Exercise prompt
Omitting all images, set down every line below exactly as it appears.

Extracted data entries:

○ ○ ○ ○

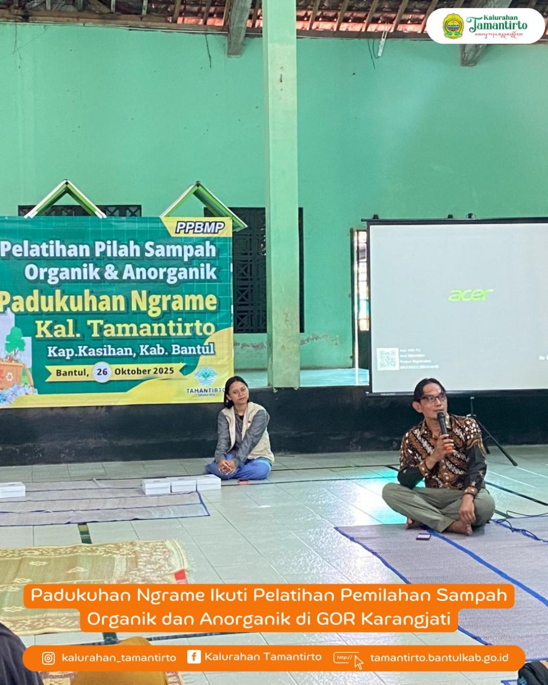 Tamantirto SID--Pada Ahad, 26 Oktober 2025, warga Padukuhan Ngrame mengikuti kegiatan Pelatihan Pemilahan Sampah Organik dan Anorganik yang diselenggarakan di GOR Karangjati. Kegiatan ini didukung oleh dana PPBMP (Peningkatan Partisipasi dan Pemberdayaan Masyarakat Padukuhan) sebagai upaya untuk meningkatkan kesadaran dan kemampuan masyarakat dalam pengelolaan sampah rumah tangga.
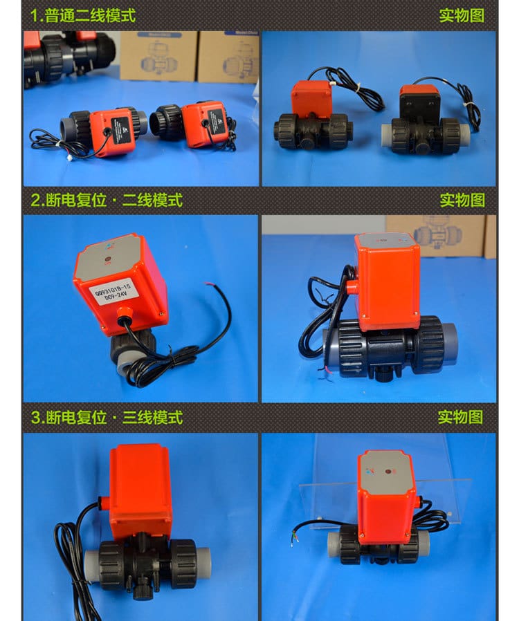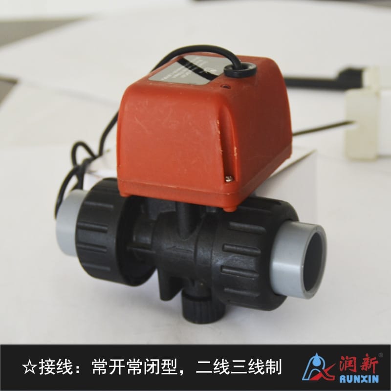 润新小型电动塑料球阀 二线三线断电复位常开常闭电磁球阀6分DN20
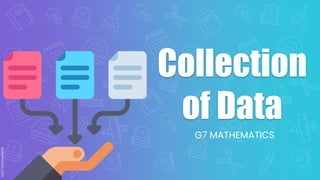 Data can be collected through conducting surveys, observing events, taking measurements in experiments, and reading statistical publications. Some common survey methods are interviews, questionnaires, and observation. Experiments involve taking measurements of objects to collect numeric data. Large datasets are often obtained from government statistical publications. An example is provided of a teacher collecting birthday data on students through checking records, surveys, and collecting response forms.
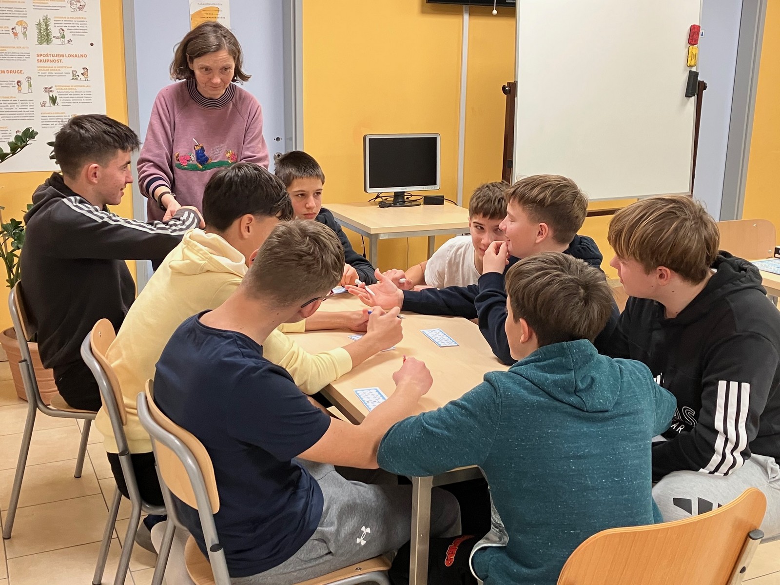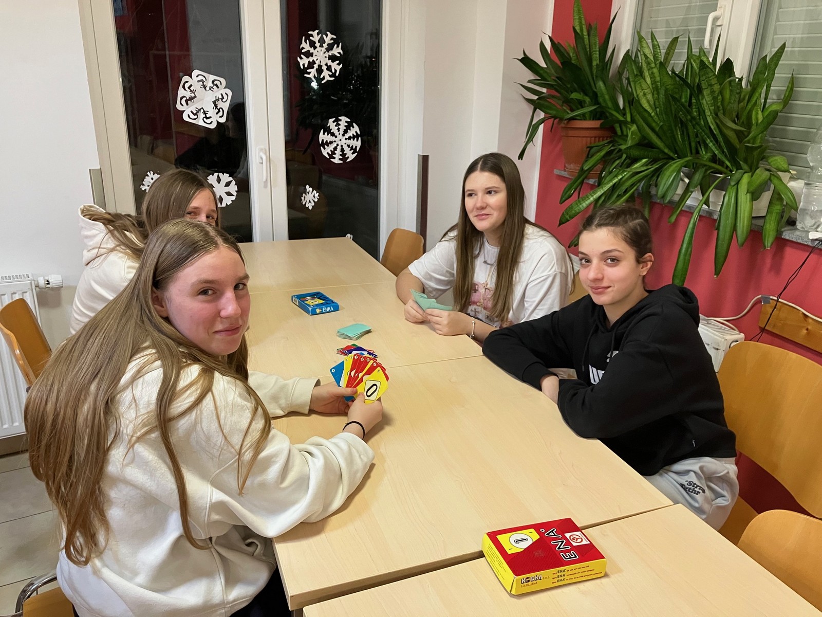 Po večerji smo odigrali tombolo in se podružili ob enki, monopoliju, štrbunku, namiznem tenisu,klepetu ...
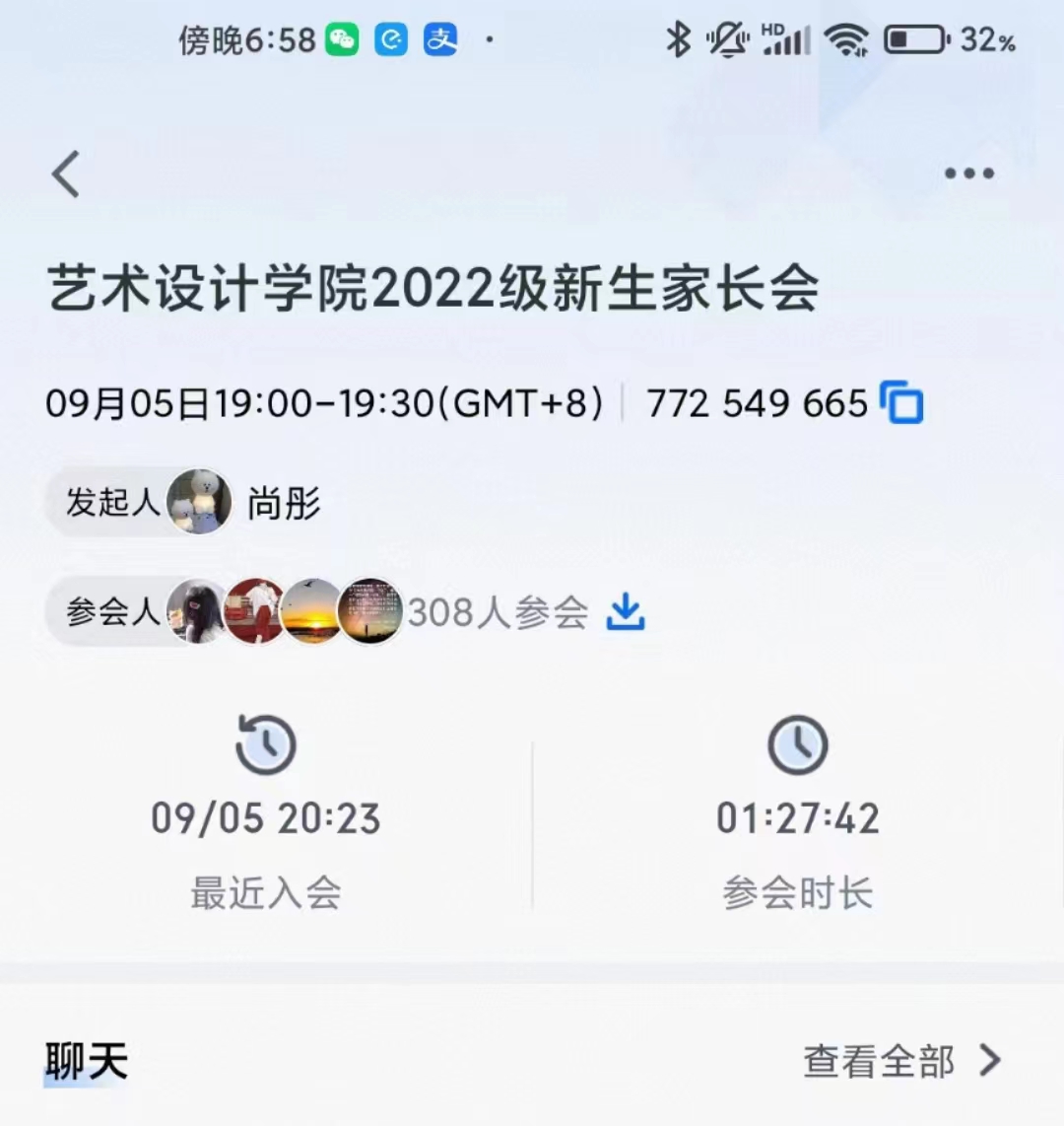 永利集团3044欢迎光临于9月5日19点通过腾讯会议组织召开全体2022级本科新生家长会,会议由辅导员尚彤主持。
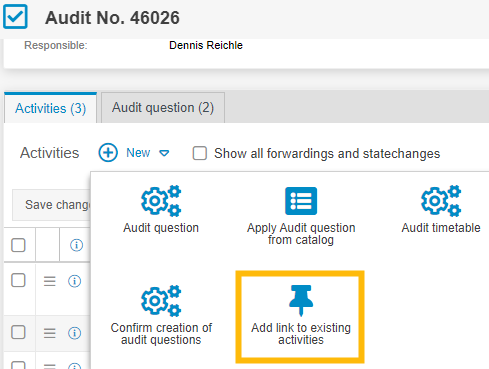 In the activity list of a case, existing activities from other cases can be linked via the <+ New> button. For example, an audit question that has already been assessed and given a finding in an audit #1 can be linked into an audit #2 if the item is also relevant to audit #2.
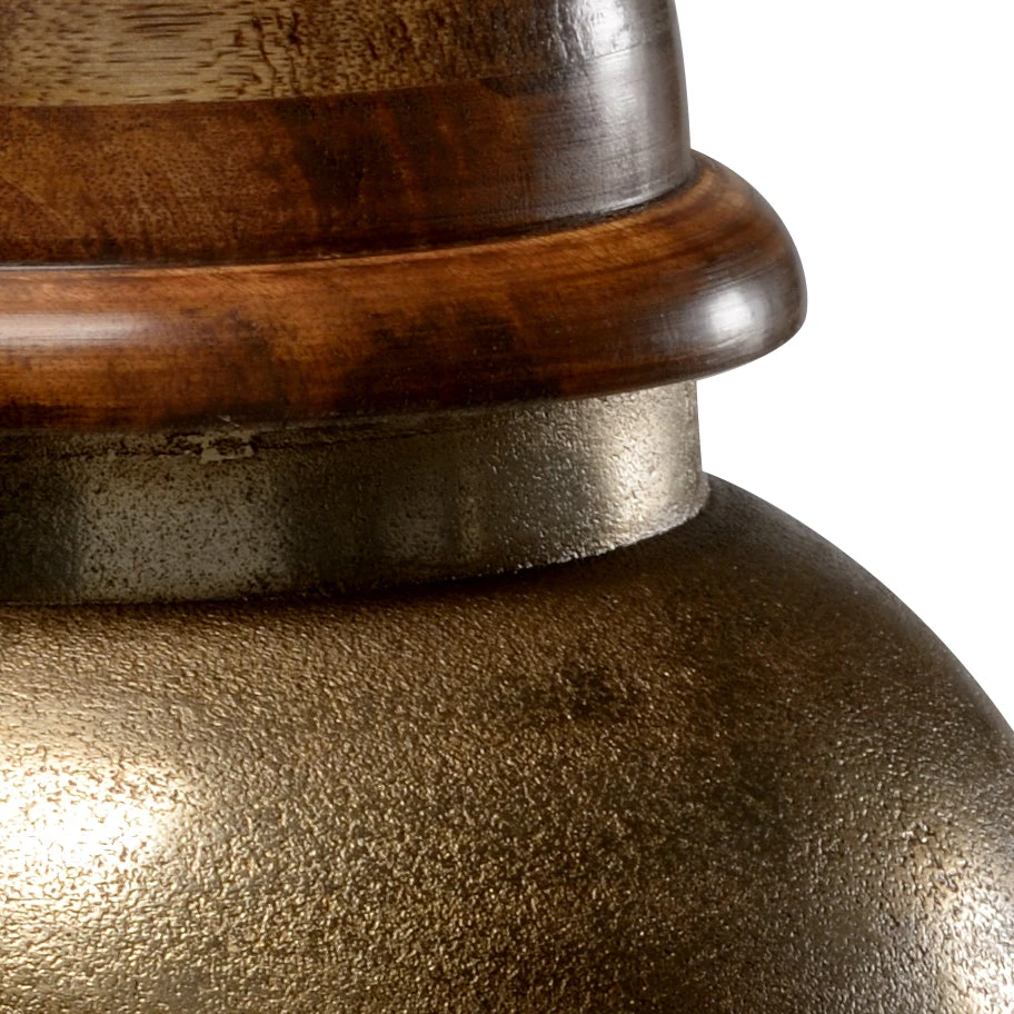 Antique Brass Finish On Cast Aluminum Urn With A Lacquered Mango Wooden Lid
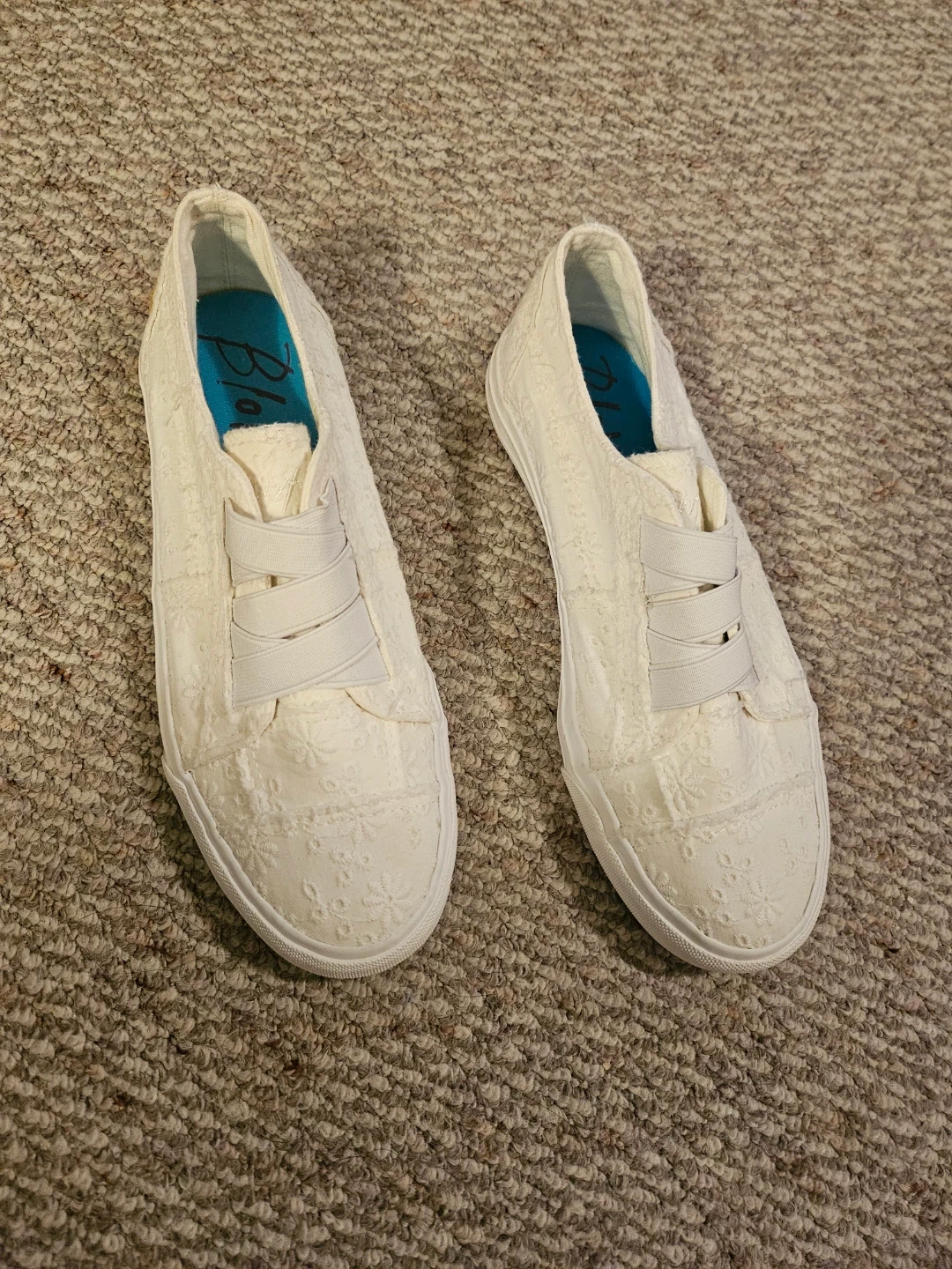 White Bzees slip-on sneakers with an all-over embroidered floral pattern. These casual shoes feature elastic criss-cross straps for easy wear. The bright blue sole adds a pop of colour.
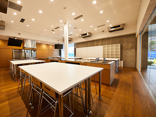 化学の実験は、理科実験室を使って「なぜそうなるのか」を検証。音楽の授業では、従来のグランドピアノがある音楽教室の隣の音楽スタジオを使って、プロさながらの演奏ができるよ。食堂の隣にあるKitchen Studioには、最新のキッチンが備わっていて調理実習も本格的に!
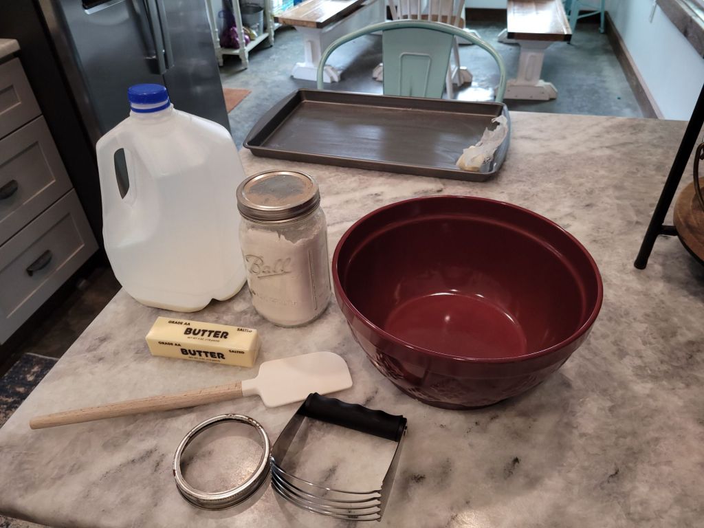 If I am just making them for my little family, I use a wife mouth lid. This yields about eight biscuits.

○ ○ ○ ○

Output
 Tamantirto SID--Pada Ahad, 26 Oktober 2025, warga Padukuhan Ngrame mengikuti kegiatan Pelatihan Pemilahan Sampah Organik dan Anorganik yang diselenggarakan di GOR Karangjati. Kegiatan ini didukung oleh dana PPBMP (Peningkatan Partisipasi dan Pemberdayaan Masyarakat Padukuhan) sebagai upaya untuk meningkatkan kesadaran dan kemampuan masyarakat dalam pengelolaan sampah rumah tangga.
 润新小型电动塑料球阀 二线三线断电复位常开常闭电磁球阀6分DN20
 Data can be collected through conducting surveys, observing events, taking measurements in experiments, and reading statistical publications. Some common survey methods are interviews, questionnaires, and observation. Experiments involve taking measurements of objects to collect numeric data. Large datasets are often obtained from government statistical publications. An example is provided of a teacher collecting birthday data on students through checking records, surveys, and collecting response forms.
 Po večerji smo odigrali tombolo in se podružili ob enki, monopoliju, štrbunku, namiznem tenisu,klepetu ...
 永利集团3044欢迎光临于9月5日19点通过腾讯会议组织召开全体2022级本科新生家长会,会议由辅导员尚彤主持。
 In the activity list of a case, existing activities from other cases can be linked via the <+ New> button. For example, an audit question that has already been assessed and given a finding in an audit #1 can be linked into an audit #2 if the item is also relevant to audit #2.
 Antique Brass Finish On Cast Aluminum Urn With A Lacquered Mango Wooden Lid
 White Bzees slip-on sneakers with an all-over embroidered floral pattern. These casual shoes feature elastic criss-cross straps for easy wear. The bright blue sole adds a pop of colour.
 化学の実験は、理科実験室を使って「なぜそうなるのか」を検証。音楽の授業では、従来のグランドピアノがある音楽教室の隣の音楽スタジオを使って、プロさながらの演奏ができるよ。食堂の隣にあるKitchen Studioには、最新のキッチンが備わっていて調理実習も本格的に!
 If I am just making them for my little family, I use a wife mouth lid. This yields about eight biscuits.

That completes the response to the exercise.